DATA PROVIDED -
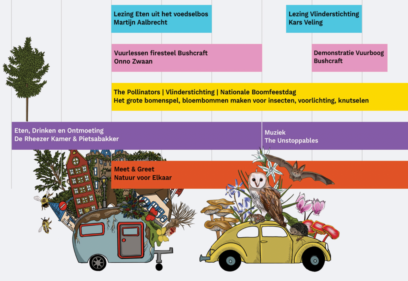 Op zaterdag 28 januari arriveert De Groene Karavaan op natuurcamping De Klashorst in Diffelen voor het Vechtdal Boomfestival. De dag bestaat uit een gevarieerd programma voor jong en oud: muziek, workshops, lezingen, lekker eten en drinken en vooral: samen bomen planten! The Pollinators zijn mede-organisator en dragen zorg voor een inspirerend programma. Als je ze kent en wel eens op een Tree Fest bent geweest, dan weet je dat deze dag echt de moeite waard is!
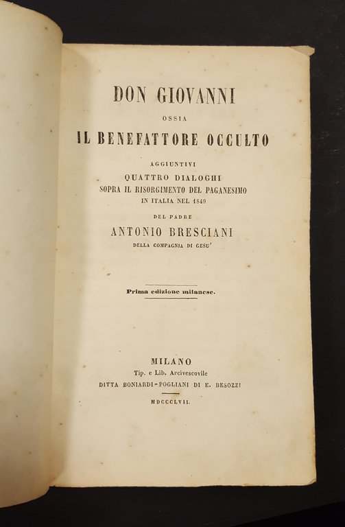 Bresciani Antonio Bresciani Antonio. DON GIOVANNI ossia IL BENEFATTORE OCCULTO. 1857 - I. Milano, Lib. Arcivescovile 1857 - I italiano, in sedicesimo pp. 343 5292
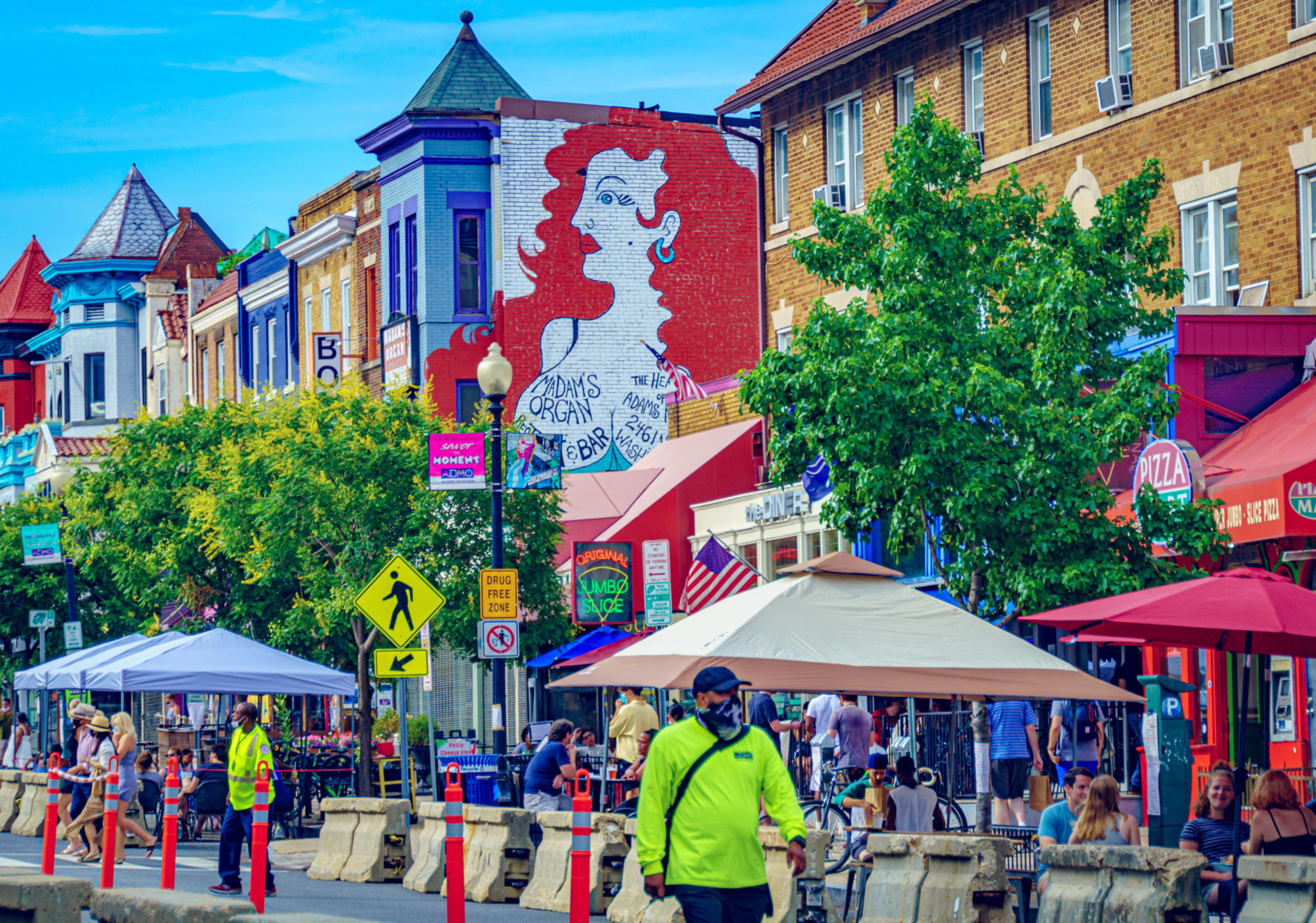 “The objective of the pedestrian zones is to provide economic recovery for all of the businesses in Adams Morgan,” Kristen Barden, Executive Director of the Adams Morgan Partnership BID, tells Washingtonian in an email. “Closing the street to vehicular traffic allows for more pedestrians, bicycles and scooters and creates a safe space for people to dine, shop, and explore the neighborhood offerings.”

PROBLEM DESCRIPTION -
Leave the images out and output the remaining material exactly as it stands.

EXERCISE RESULT -
 Op zaterdag 28 januari arriveert De Groene Karavaan op natuurcamping De Klashorst in Diffelen voor het Vechtdal Boomfestival. De dag bestaat uit een gevarieerd programma voor jong en oud: muziek, workshops, lezingen, lekker eten en drinken en vooral: samen bomen planten! The Pollinators zijn mede-organisator en dragen zorg voor een inspirerend programma. Als je ze kent en wel eens op een Tree Fest bent geweest, dan weet je dat deze dag echt de moeite waard is!
 Bresciani Antonio Bresciani Antonio. DON GIOVANNI ossia IL BENEFATTORE OCCULTO. 1857 - I. Milano, Lib. Arcivescovile 1857 - I italiano, in sedicesimo pp. 343 5292
 “The objective of the pedestrian zones is to provide economic recovery for all of the businesses in Adams Morgan,” Kristen Barden, Executive Director of the Adams Morgan Partnership BID, tells Washingtonian in an email. “Closing the street to vehicular traffic allows for more pedestrians, bicycles and scooters and creates a safe space for people to dine, shop, and explore the neighborhood offerings.”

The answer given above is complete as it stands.